**Action item:**
The response should be an exact transcription of the data below, free of images.

**Source material:**
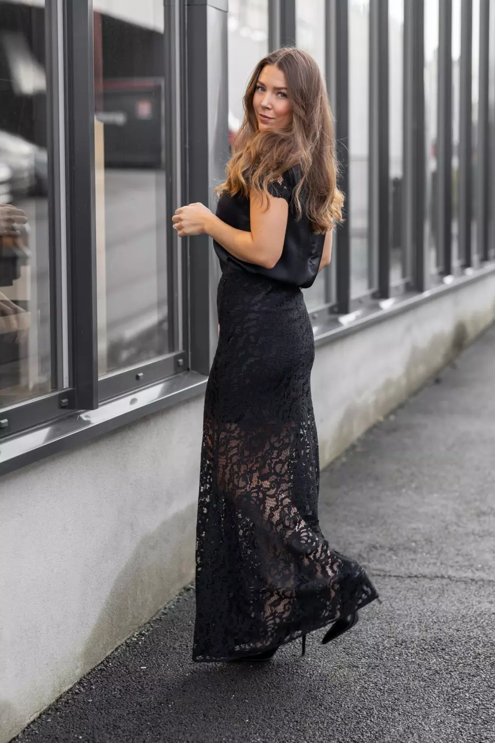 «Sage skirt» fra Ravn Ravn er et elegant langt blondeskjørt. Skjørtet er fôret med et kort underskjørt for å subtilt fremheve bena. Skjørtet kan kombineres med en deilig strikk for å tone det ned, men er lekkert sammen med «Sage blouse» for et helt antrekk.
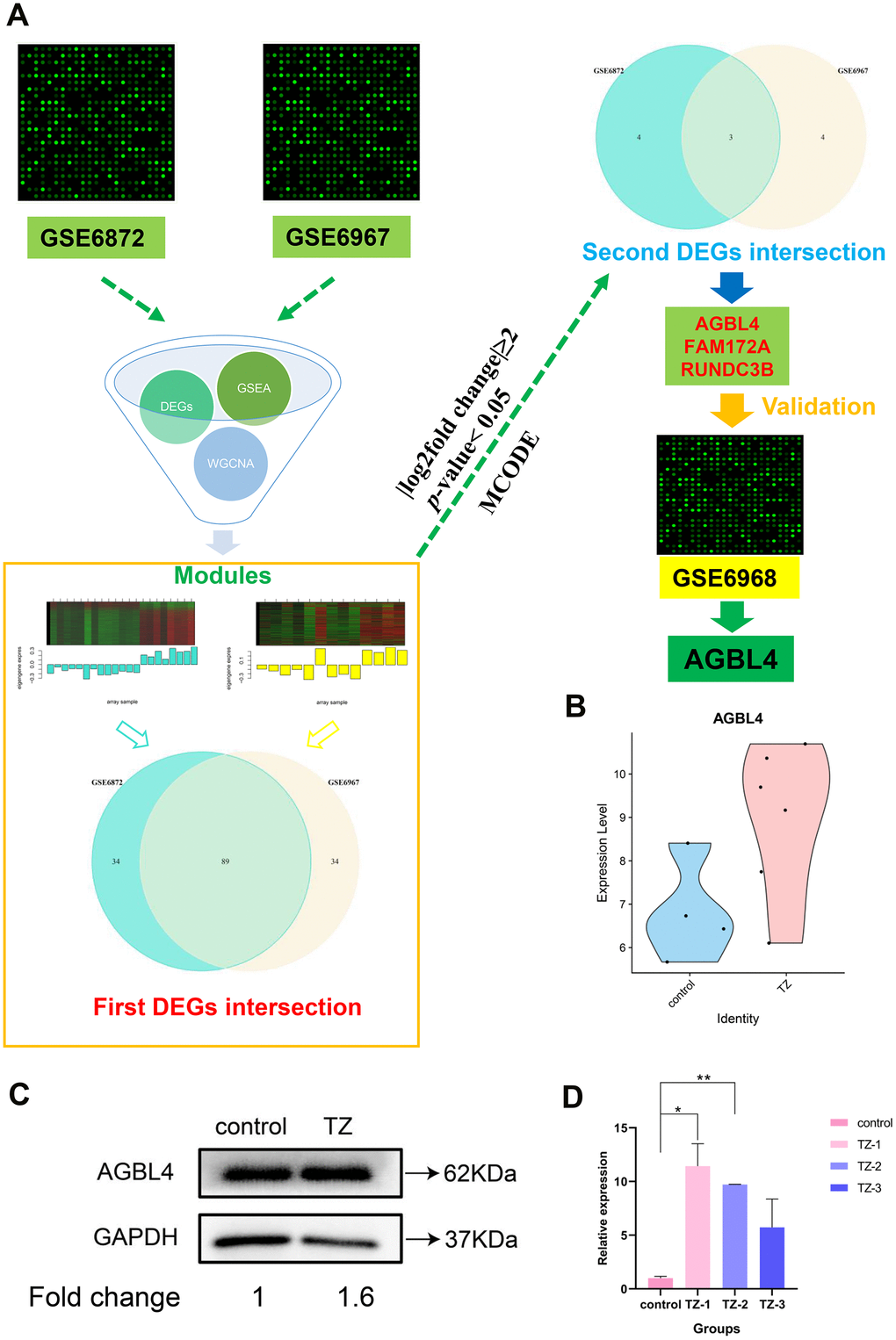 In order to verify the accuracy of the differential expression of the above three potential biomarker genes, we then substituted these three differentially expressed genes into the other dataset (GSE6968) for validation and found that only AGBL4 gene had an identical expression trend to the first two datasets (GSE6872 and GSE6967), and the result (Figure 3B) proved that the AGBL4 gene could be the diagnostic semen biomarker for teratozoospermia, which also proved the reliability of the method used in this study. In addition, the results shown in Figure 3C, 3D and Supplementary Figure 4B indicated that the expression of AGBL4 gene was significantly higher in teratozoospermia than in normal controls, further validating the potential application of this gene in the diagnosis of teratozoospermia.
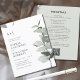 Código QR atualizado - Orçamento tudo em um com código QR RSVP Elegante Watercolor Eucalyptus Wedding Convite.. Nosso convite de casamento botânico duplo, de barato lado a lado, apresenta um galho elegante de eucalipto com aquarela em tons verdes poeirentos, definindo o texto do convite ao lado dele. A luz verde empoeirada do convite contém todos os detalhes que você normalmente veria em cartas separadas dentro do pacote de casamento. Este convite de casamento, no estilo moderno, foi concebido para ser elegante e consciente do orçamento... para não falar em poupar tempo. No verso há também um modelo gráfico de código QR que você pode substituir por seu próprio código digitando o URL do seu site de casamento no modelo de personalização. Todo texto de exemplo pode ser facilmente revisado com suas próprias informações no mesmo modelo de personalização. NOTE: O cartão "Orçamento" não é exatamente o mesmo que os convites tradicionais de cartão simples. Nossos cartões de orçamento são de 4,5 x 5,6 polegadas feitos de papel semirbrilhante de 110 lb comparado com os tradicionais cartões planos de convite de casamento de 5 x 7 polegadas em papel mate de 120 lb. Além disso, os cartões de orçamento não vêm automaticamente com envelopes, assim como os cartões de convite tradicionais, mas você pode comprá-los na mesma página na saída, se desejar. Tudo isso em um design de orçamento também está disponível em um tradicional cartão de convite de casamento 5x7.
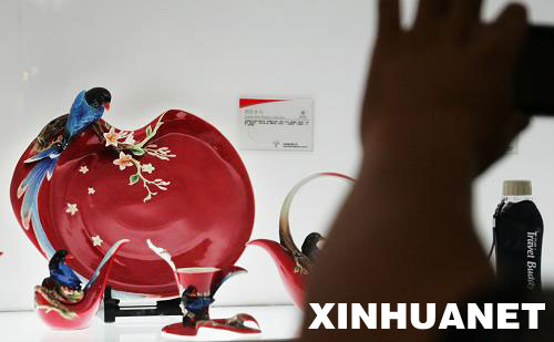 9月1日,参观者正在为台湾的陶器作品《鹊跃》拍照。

**Exercise output:**
 «Sage skirt» fra Ravn Ravn er et elegant langt blondeskjørt. Skjørtet er fôret med et kort underskjørt for å subtilt fremheve bena. Skjørtet kan kombineres med en deilig strikk for å tone det ned, men er lekkert sammen med «Sage blouse» for et helt antrekk.
 In order to verify the accuracy of the differential expression of the above three potential biomarker genes, we then substituted these three differentially expressed genes into the other dataset (GSE6968) for validation and found that only AGBL4 gene had an identical expression trend to the first two datasets (GSE6872 and GSE6967), and the result (Figure 3B) proved that the AGBL4 gene could be the diagnostic semen biomarker for teratozoospermia, which also proved the reliability of the method used in this study. In addition, the results shown in Figure 3C, 3D and Supplementary Figure 4B indicated that the expression of AGBL4 gene was significantly higher in teratozoospermia than in normal controls, further validating the potential application of this gene in the diagnosis of teratozoospermia.
 Código QR atualizado - Orçamento tudo em um com código QR RSVP Elegante Watercolor Eucalyptus Wedding Convite.. Nosso convite de casamento botânico duplo, de barato lado a lado, apresenta um galho elegante de eucalipto com aquarela em tons verdes poeirentos, definindo o texto do convite ao lado dele. A luz verde empoeirada do convite contém todos os detalhes que você normalmente veria em cartas separadas dentro do pacote de casamento. Este convite de casamento, no estilo moderno, foi concebido para ser elegante e consciente do orçamento... para não falar em poupar tempo. No verso há também um modelo gráfico de código QR que você pode substituir por seu próprio código digitando o URL do seu site de casamento no modelo de personalização. Todo texto de exemplo pode ser facilmente revisado com suas próprias informações no mesmo modelo de personalização. NOTE: O cartão "Orçamento" não é exatamente o mesmo que os convites tradicionais de cartão simples. Nossos cartões de orçamento são de 4,5 x 5,6 polegadas feitos de papel semirbrilhante de 110 lb comparado com os tradicionais cartões planos de convite de casamento de 5 x 7 polegadas em papel mate de 120 lb. Além disso, os cartões de orçamento não vêm automaticamente com envelopes, assim como os cartões de convite tradicionais, mas você pode comprá-los na mesma página na saída, se desejar. Tudo isso em um design de orçamento também está disponível em um tradicional cartão de convite de casamento 5x7.
 9月1日,参观者正在为台湾的陶器作品《鹊跃》拍照。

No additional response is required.